RALPH: As he puts it, ““Now is he for the numbers that Petrarch flowed in.”
SARAH: Petrarch who spent much of his life composing love sonnets to a beautiful woman named Laura…
RALPH: And apparently Romeo would consider Laura a kitchen-worker compared to his Rosaline.
SARAH: Laura to his lady was but a kitchen-wench.
RALPH: Mercutio now rattles off a list of famous beauties from classical literature who, in Romeo’s eyes, would pale in comparison to Rosaline.
SARAH: Dido a dowdy; Cleopatra a gypsy; Helen and Hero hildings and harlots; Thisbe a grey eye or so; but not to the purpose.
RALPH: Dido is a character from the Roman poet Virgil’s epic Aeneid. She’s the queen of Carthage in north Africa who falls in love with the Trojan warrior Aeneas.
SARAH: When Aeneas sails away, abandoning her, she kills herself from despair.

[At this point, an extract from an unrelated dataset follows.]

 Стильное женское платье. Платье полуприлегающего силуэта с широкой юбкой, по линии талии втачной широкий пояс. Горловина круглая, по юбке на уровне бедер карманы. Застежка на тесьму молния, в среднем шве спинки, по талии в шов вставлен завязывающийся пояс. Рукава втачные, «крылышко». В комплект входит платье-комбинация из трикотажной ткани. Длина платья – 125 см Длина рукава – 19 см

RALPH: Cleopatra was the last Pharaoh of Egypt who seduced Julius Caesar, and after he died, she then seduced Mark Anthony, a Roman general.
SARAH: After their army is defeated by Augustus, she commits suicide by letting herself be bitten by a poisonous snake.

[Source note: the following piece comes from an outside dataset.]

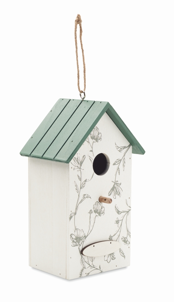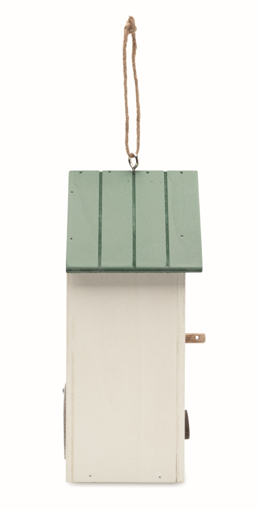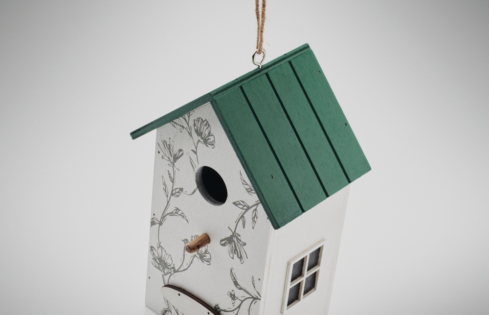 Ptačí budka z překližky. Rozměry: 11 x 23 x 10 cm. Materiál: MDF

RALPH: Helen of Troy was the beautiful Greek queen whose kidnapping set off the Trojan war, as told in Homer’s Iliad.
SARAH: Hero, according to Greek myth, was a priestess of Aphrodite, the goddess of love.
RALPH: Her lover, Leander, swam across a channel every night to be with her, until one evening he drowned in a storm. Distraught, Hero threw herself from her tower.
SARAH: Thisbe is a character from a poem by the Roman poet Ovid. Thisbe and Pyramus are in love, but prohibited from seeing each other by their parent’s rivalry.
RALPH: Hmm. That sounds familiar.
SARAH: Pyramus commits suicide, thinking that Thisbe is dead, but she isn’t.
RALPH: When Thisbe realizes he’s dead, she kills herself with his sword.
SARAH: As an aside, Mercutio jokes that he personally thinks Thisbe had beautiful eyes, but that’s besides the point.
RALPH: Shakespeare’s audience would have seen the significance in the comparison to Thisbe, since the Thisbe/Pyramus legend was the source for the Romeo and Juliet story.
SARAH: But more generally, all these examples are tragic love stories where love ends in death - Shakespeare’s hinting at his own plot, and he’s also telling us that these teenagers are following a tradition of a certain kind of romantic love.